What to work on: Print back each record unchanged, without pictures.

Dataset entries:
---

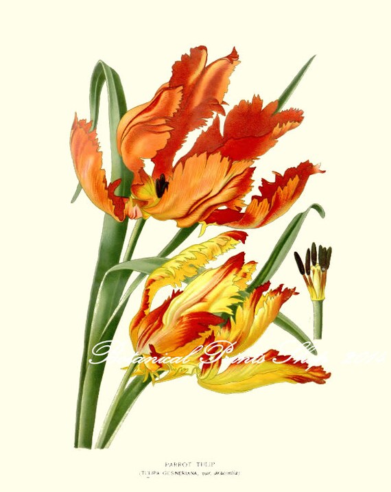Botanical Print Parrot Tulip Orange Flower Print Etsy
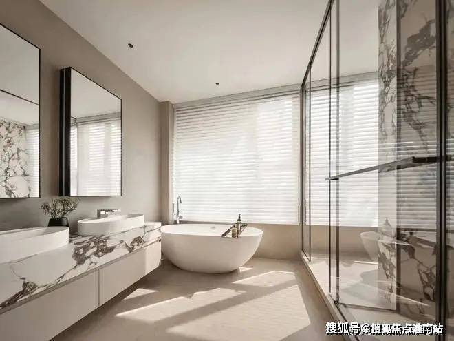 ▲墙面、地面处都是以白色砖的设计,靠窗布置一个大浴缸,结合双人位的台上盆洗手盆,也让卫浴空间显得更加干净简洁而时尚大方。
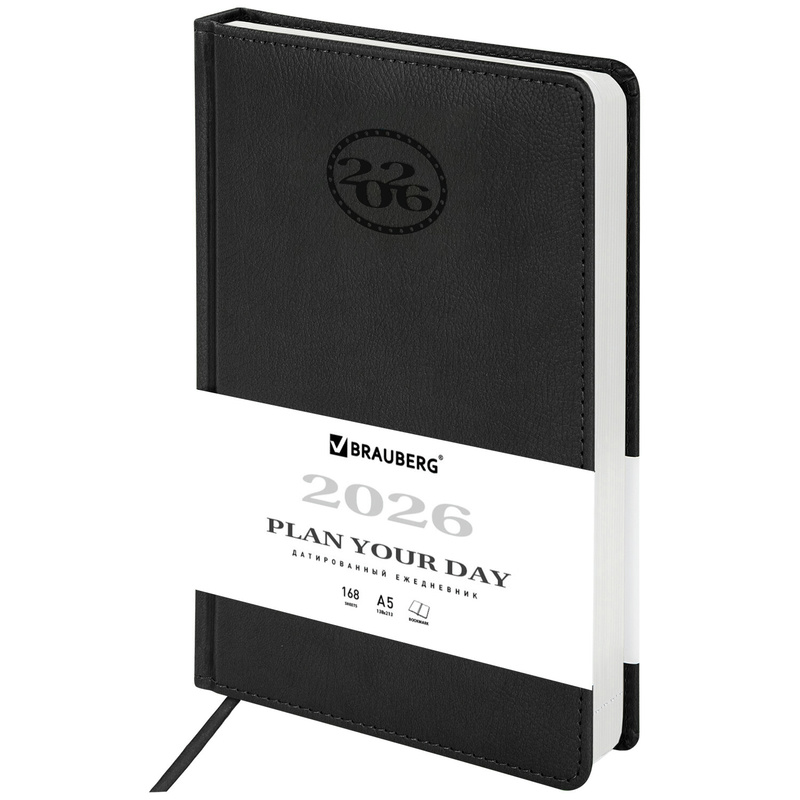 Ежедневник датированный 2026, А5, 138x213 мм, BRAUBERG "Favorite", под кожу, черный, 11703…
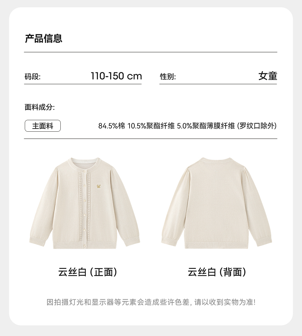【商场同款】英氏儿童毛衣春夏长袖女童开衫外套2025新款毛织外套
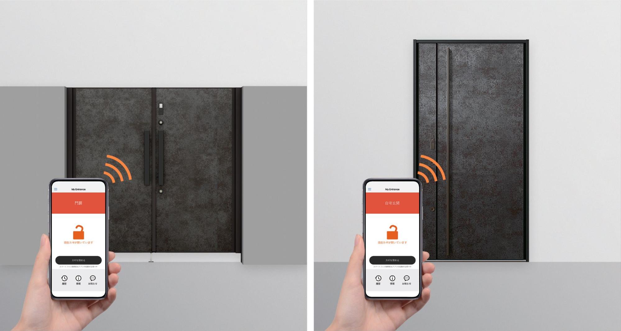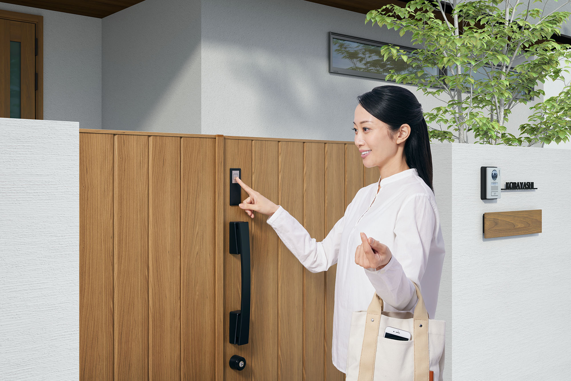 カギを出さずにボタンを押すだけで素早く解錠、門扉が締まると自動で施錠するので、カギの締め忘れる心配がなくなります。「FamiLock」搭載の玄関ドアと連携させれば、たくさんのカギを持ち歩く必要もありません。
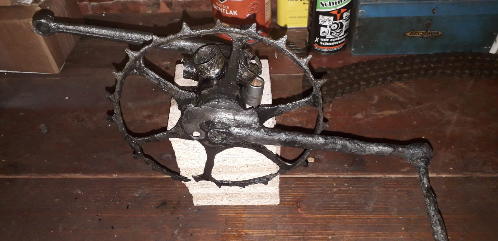 ik heb deze crank met skiptooth tandwiel gevonden alleen weet ik niet van welk merk deze is
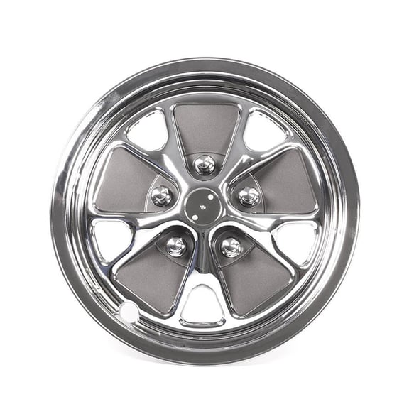 Compatible with 1965-1967 Ford Mustang. This product is not created or sold by Ford.;<br><br>Gives the illusion of real Styled Steel wheels at one third of the price. Constructed from heavy duty A.B.S. plastic. Also features correct charcoal painted recessed area's and chrome simulated Lug Nuts. Now even 6 cylinders can have an 8 cylinder look. Photo at left is plastic hub cap installed on rim. Center cap not included.;
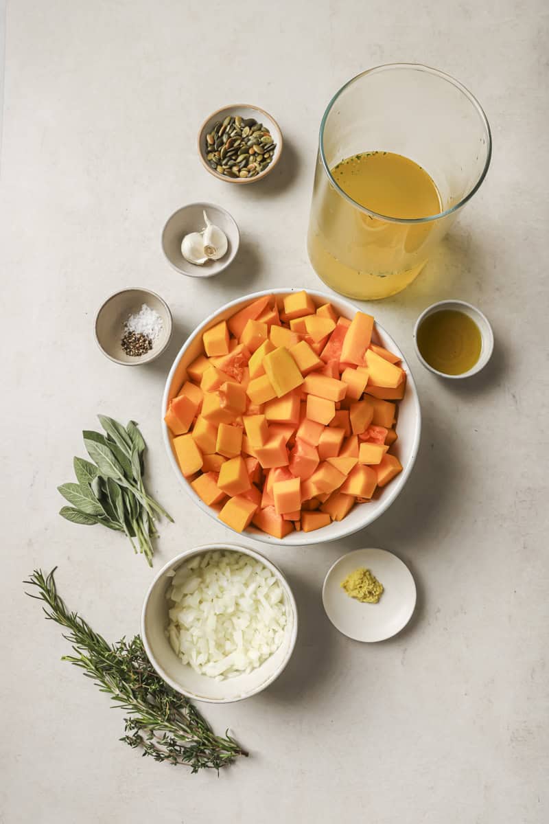 Collect these easy objects to make your butternut squash soup:

---

Response area:
Botanical Print Parrot Tulip Orange Flower Print Etsy
 ▲墙面、地面处都是以白色砖的设计,靠窗布置一个大浴缸,结合双人位的台上盆洗手盆,也让卫浴空间显得更加干净简洁而时尚大方。
 Ежедневник датированный 2026, А5, 138x213 мм, BRAUBERG "Favorite", под кожу, черный, 11703…
【商场同款】英氏儿童毛衣春夏长袖女童开衫外套2025新款毛织外套
 カギを出さずにボタンを押すだけで素早く解錠、門扉が締まると自動で施錠するので、カギの締め忘れる心配がなくなります。「FamiLock」搭載の玄関ドアと連携させれば、たくさんのカギを持ち歩く必要もありません。
 ik heb deze crank met skiptooth tandwiel gevonden alleen weet ik niet van welk merk deze is
 Compatible with 1965-1967 Ford Mustang. This product is not created or sold by Ford.;<br><br>Gives the illusion of real Styled Steel wheels at one third of the price. Constructed from heavy duty A.B.S. plastic. Also features correct charcoal painted recessed area's and chrome simulated Lug Nuts. Now even 6 cylinders can have an 8 cylinder look. Photo at left is plastic hub cap installed on rim. Center cap not included.;
 Collect these easy objects to make your butternut squash soup:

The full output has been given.